When I provide images in a loop without any delay, the processing time for yolov7-face or yolov8-face is short. However, when I feed the images to the detection function one by one, introducing a 1-second time interval between each photo, the processing time becomes longer. What might be causing this issue?
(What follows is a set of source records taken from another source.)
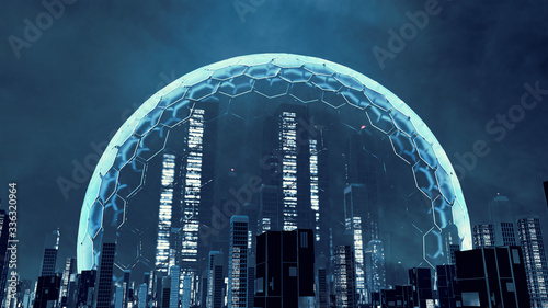 Wall mural : 3d rendering of mega city being quarantine and protected with hexagon grid sphere nano shield with g
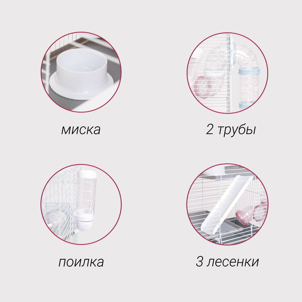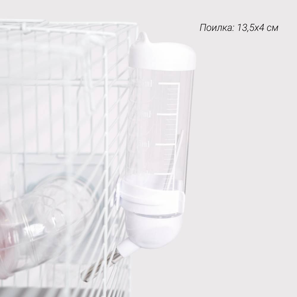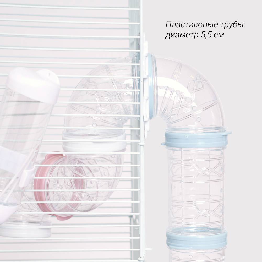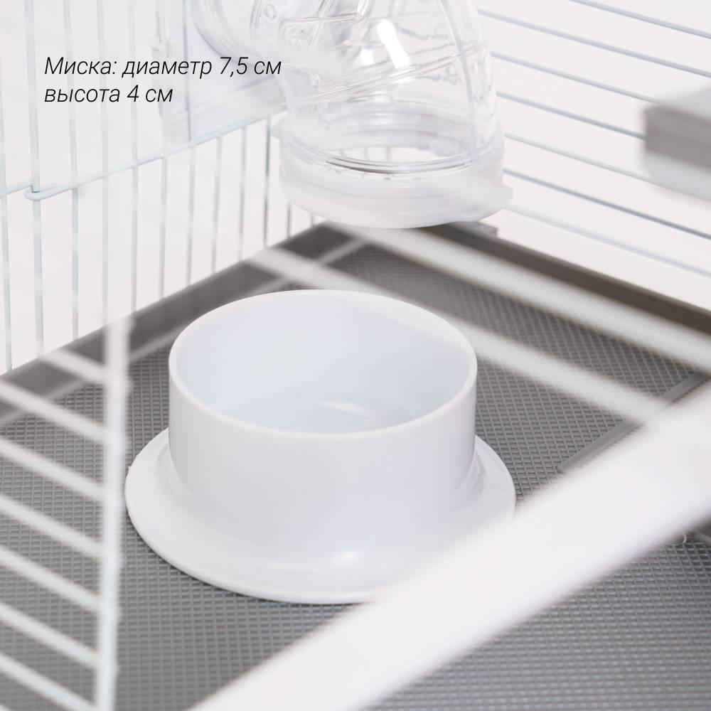 - В комплекте миска (диаметр: 7,5 см, высота: 4 см) и поилка (13,5х4 см), 2 пластиковые трубы (диаметр 5,5 см).
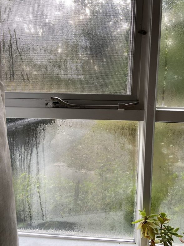 My front windows the other morning, when it hadn’t rained at all. That’s all just condensation from the humid air.
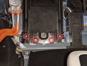 Tighten the bolts (x4) that attach the rear of the LH 2nd row seat tracks to
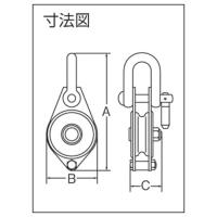 ●基本使用荷重(t):0.25●最大使用ロープ径(mm):8●車数:1●車径(mm):50●寸法(mm)A:135●寸法(mm)B:58●寸法(mm)C:35●頭部形状:シャックル型●使用荷重(kg):250
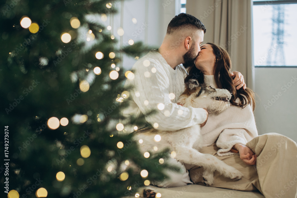 Couple kissing cuddling dog by christmas tree
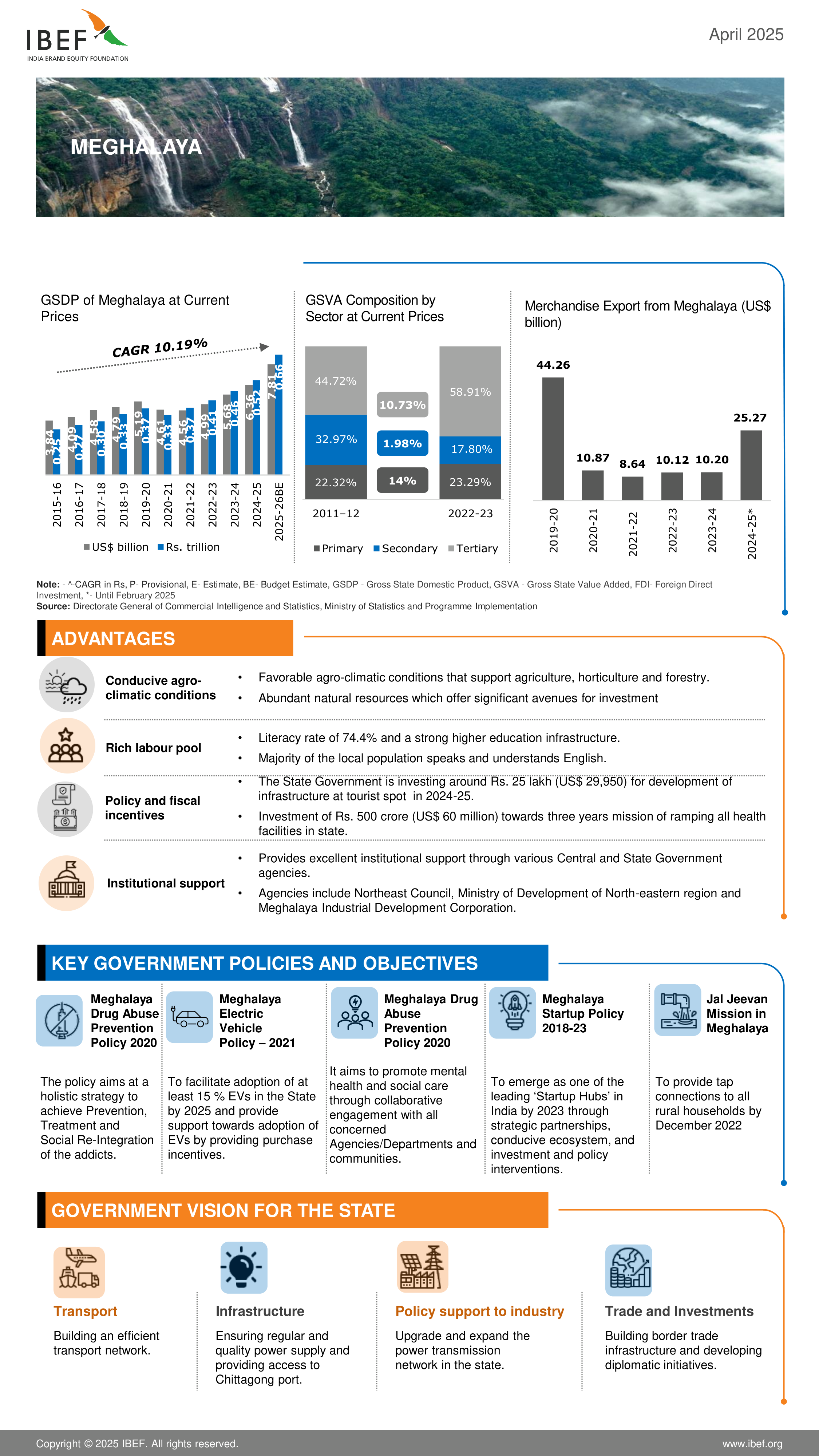 Vice-President Mr. Jagdeep Dhankhar praised Meghalaya's growth potential, emphasising self-reliance, and lauded its progress in economy, tourism, and women's empowerment, with a goal of becoming a US$ 10 billion economy by 2028.

Here are the processing times for images in a loop:
../images//test1.jpg average: 389.05ms
../images//test3.jpg average: 134.054ms
../images//cam4.jpg average: 104.824ms
../images//test11.jpg average: 93.1855ms
../images//test7.jpg average: 86.4966ms
../images//test8.jpg average: 85.9823ms
../images//arac2.jpg average: 67.5789ms
../images//arac3.jpg average: 69.3688ms
../images//arac4.jpg average: 68.7759ms
../images//test9.jpg average: 75.8391ms
And here are the processing times with 1-second intervals between images:
../images//test1.jpg average: 267.529ms
../images//test3.jpg average: 313.996ms
../images//cam4.jpg average: 159.6ms
../images//test11.jpg average: 315.25ms
../images//test7.jpg average: 296.985ms
../images//test8.jpg average: 237.869ms
../images//arac2.jpg average: 206.976ms
../images//arac3.jpg average: 244.924ms
../images//arac4.jpg average: 185.883ms
../images//test9.jpg average: 239.323ms
Upon analyzing the detect function, I've identified that the following line is taking a long time:
CHECK(cudaMemcpyAsync(decode_ptr_host[i],decode_ptr_device,sizeof(float)(1+MAX_OBJECTSNUM_BOX_ELEMENT),cudaMemcpyDeviceToHost,stream));
What could be the issue and what can be the solution? CudaMemCpy is slower when images are given one by one. How can I solve this?